Christianity Today: The Church's Great Malfunctions

Christianity Today: The Church's Great Malfunctions:
"There is a remarkable image in the closing pages of Scripture that has become a touchstone for the way my colleagues and I think about faith and culture. Amid its descriptions of the New Jerusalem, Revelation includes "the tree of life, bearing 12 crops of fruit, yielding its fruit every month. And the leaves of the tree are for the healing of the nations" (Rev. 22:2). The tree holds out hope that whole cultures will be healed and mended, becoming places where people can flourish. And it sets an agenda for faith as a way of life that contributes to that flourishing, in anticipation, here and now.

Too often, however, Christian faith neither mends the world nor helps human beings thrive. To the contrary, it seems to shatter things into pieces, to choke what's new and beautiful before it has chance to take root, to trample underfoot what's good and true. ..."

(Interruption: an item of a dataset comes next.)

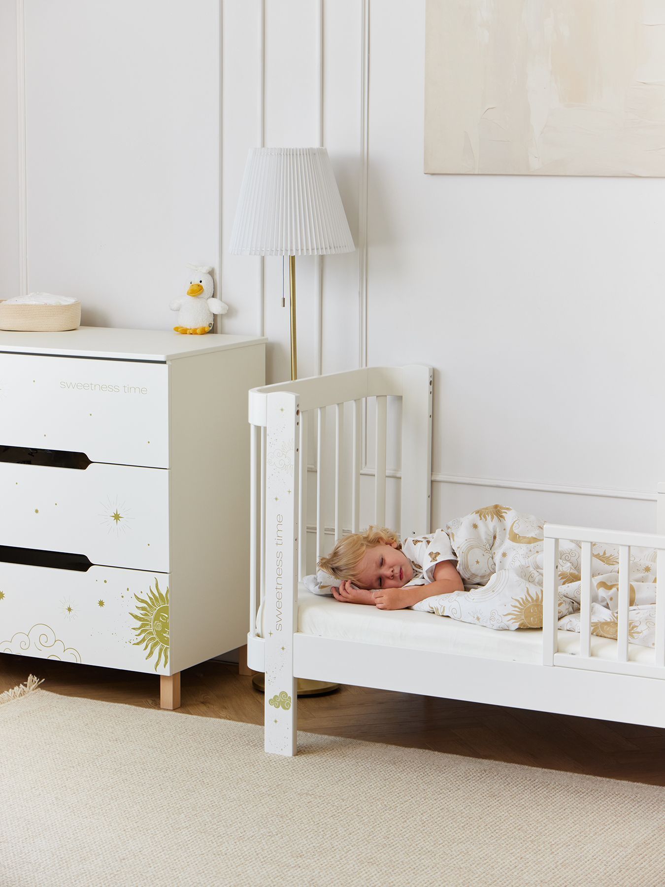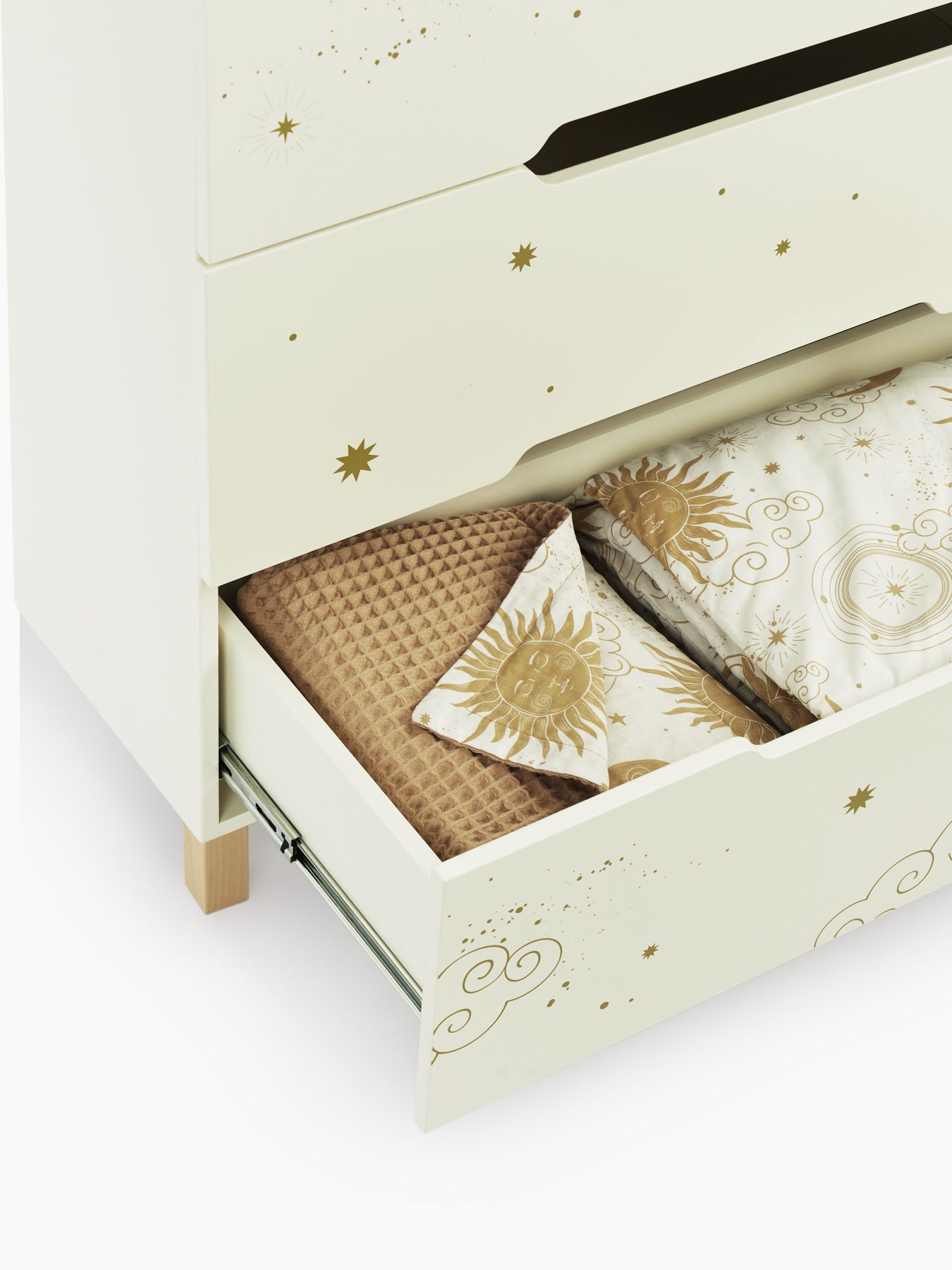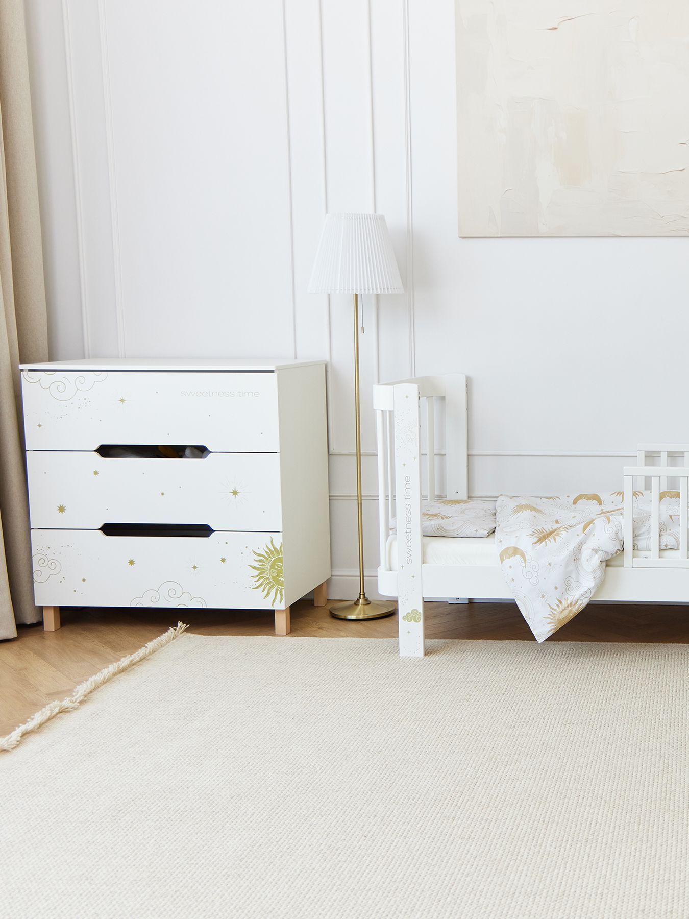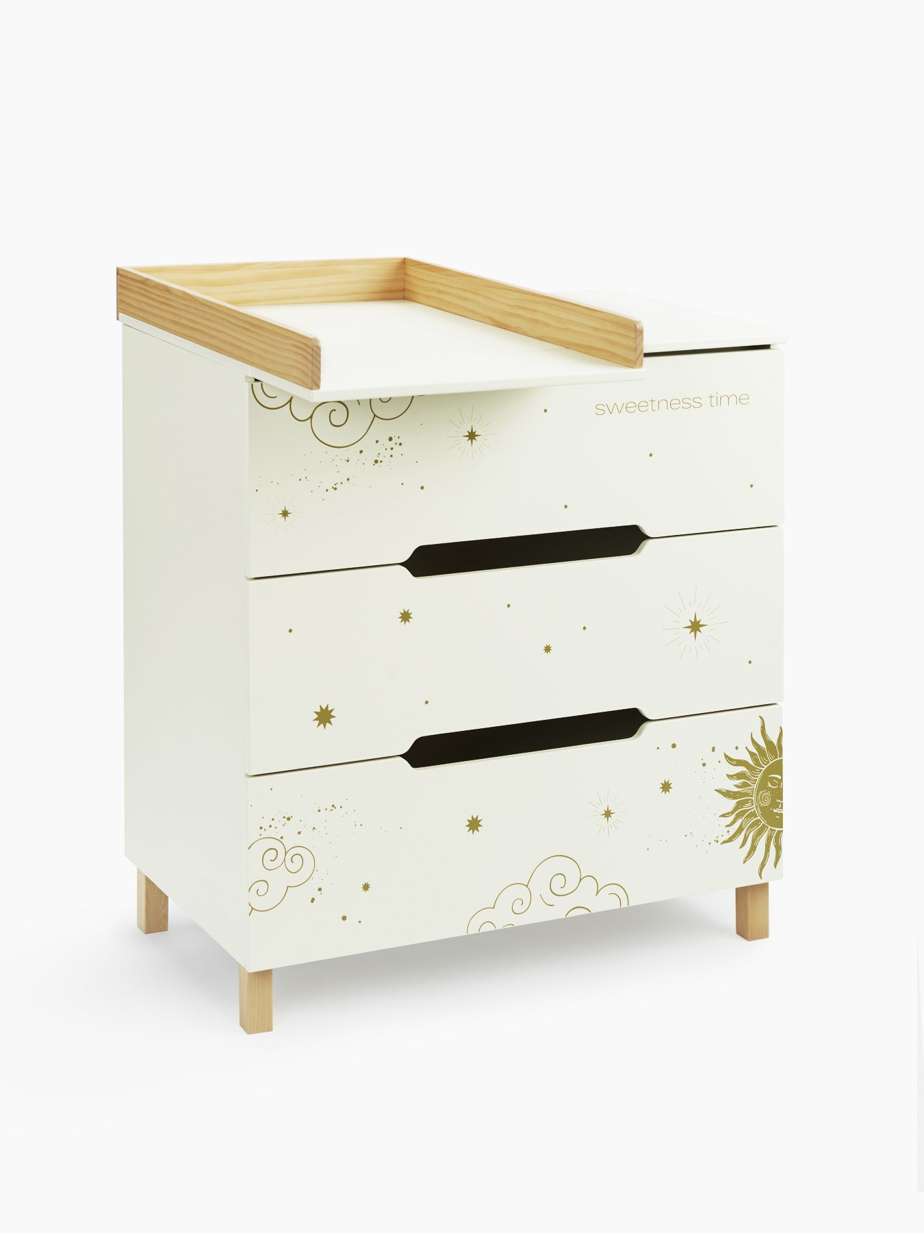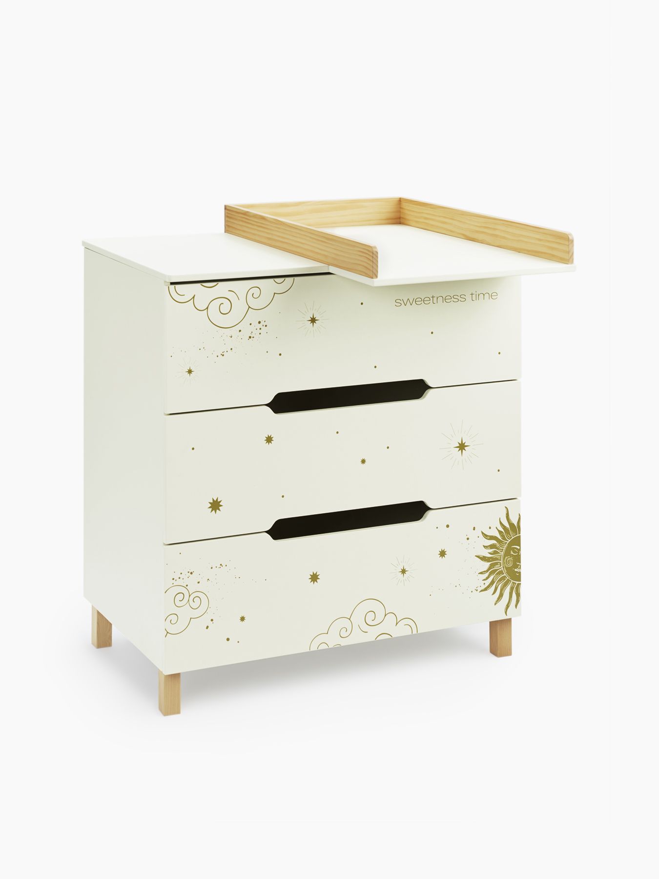The Fioki chest of drawers will become an important part of your children’s room. Spacious drawers will provide storage for all the necessary things for the baby: care products, diapers, clothes and bedding. The drawers open easily without disturbing the child’s sleep, and the legs made of natural wood give the chest of drawers additional stability. The removable changing table makes caring for your baby even easier and more convenient, and its sides provide additional safety.

This was posted yesterday on the Christianity Today website and raises some extremely uncomfortable points. What are these malfunctions? Miroslav Volf separates them into two groups -- the idleness of faith and the oppressiveness of faith.

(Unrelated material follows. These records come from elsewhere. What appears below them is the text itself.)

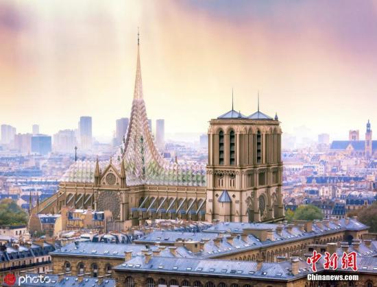 資料圖:巴黎聖母院的塔尖被大火燒燬之後,許多建築師提出了重建方案。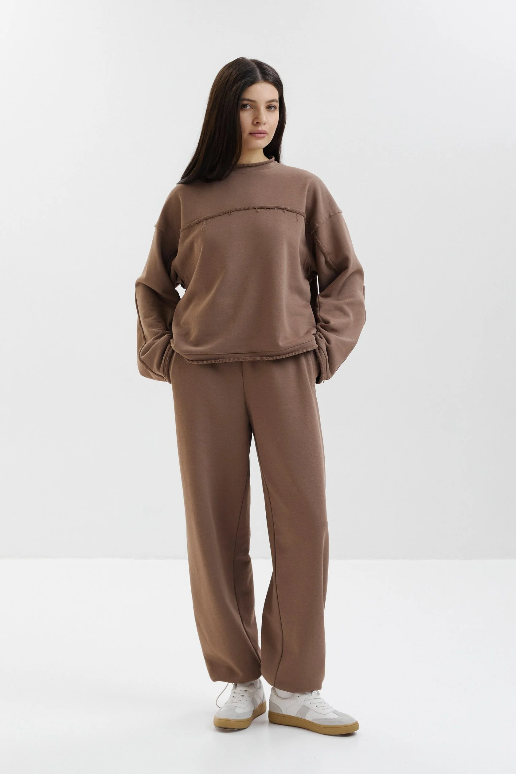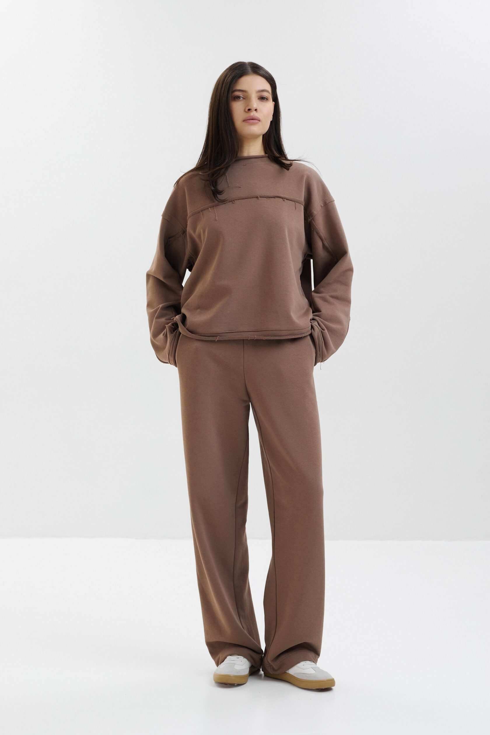 Рекомендуем сочетать брюки со свитшотом из той же коллекции или как самостоятельное изделие с футболками, топами.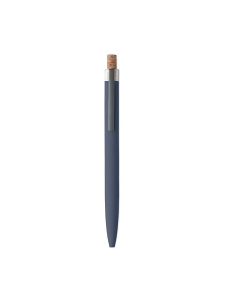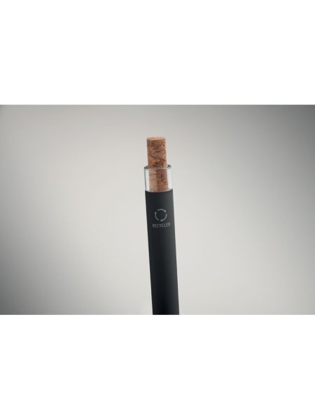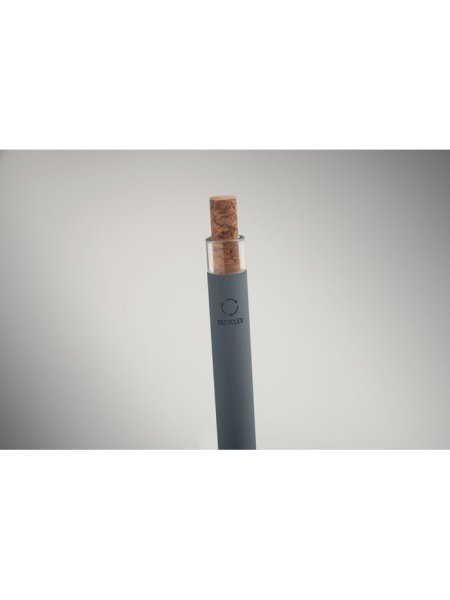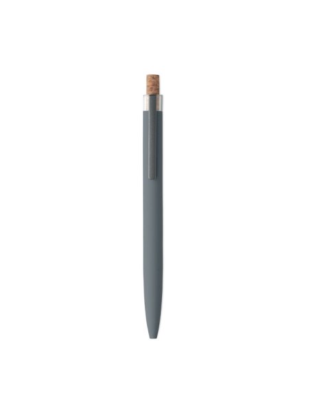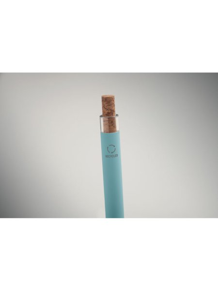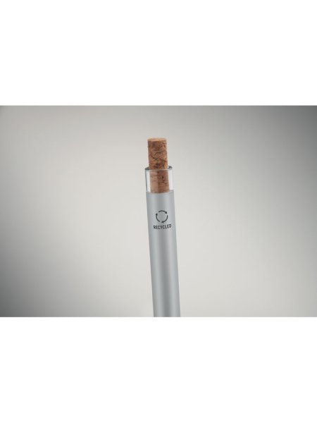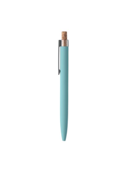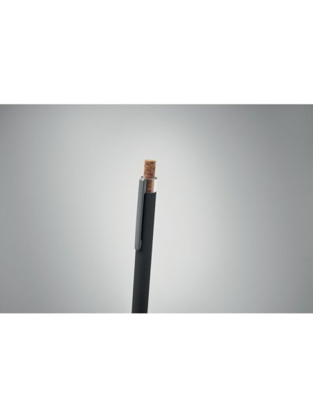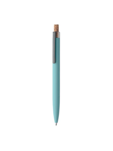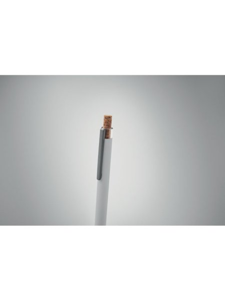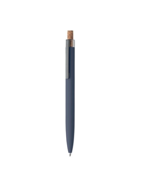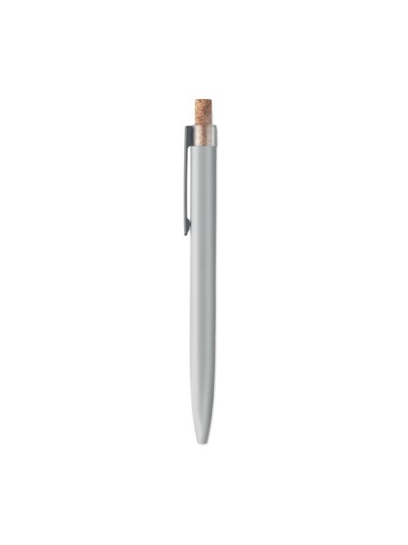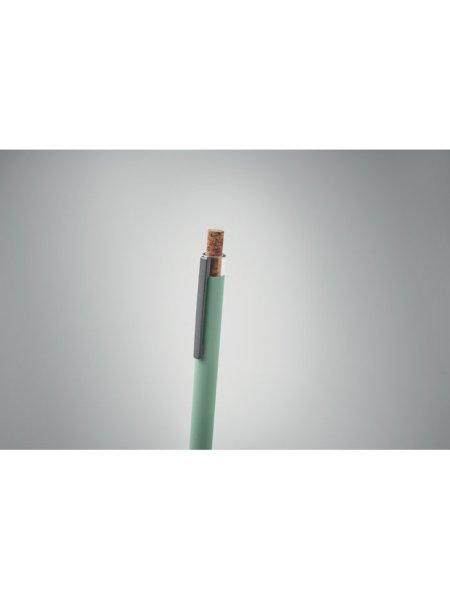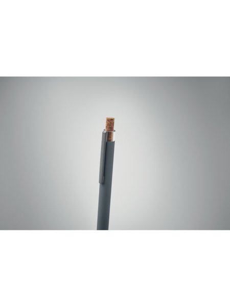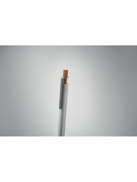 Druckkugelschreiber aus recyceltem Aluminium. Drücker mit Kork, Clip aus Metall. Blaue Tinte.

An idle faith can easily yield to (1) temptation's lure, (2) institutional power, and (3) a misunderstood faith. With regard to the third, Volf refers to Karl Marx, who famously said that "religion is the opiate of the masses." And while that can be true to a point, Volf points out that Marx failed to see that religion can also be a stimulant that energizes people to perform service. Volf also points out that when religion is employed only as a soothing drug or a performance-enhancing drug, it is little more than a crutch. It can, and should be much more than a drug.

With regard to the oppressiveness of faith, Volf points to the violence so often done in the name of religion. He suggests three factors here as well:
  1. A thin faith -- one that puts into practice some of the tenets of faith but not others; i.e. being pro-life, but willing to commit violence to achieve that end)
  2. An irrelevant faith -- Can a 2000-year-old faith actually mean anything in the world today? There is a failure of the intellect here in that people don't try to apply the teachings of Scripture to modern circumstances. This is not a job for theologians; it a the job of all Christians.
  3. An unwillingness to walk the narrow path. Here we can compare the bloody conflicts that revolve around revenge and payback and, say, the response of the Amish community in Pennsylvania that reached out to the family of a man who had killed their children.
I'm sure these aren't exhaustive reasons, but they provide a good place to start a little introspection. Volf says this: "We Christians should be our own most rigorous critics—and be that precisely out of a deep sense of the beauty and goodness of our faith."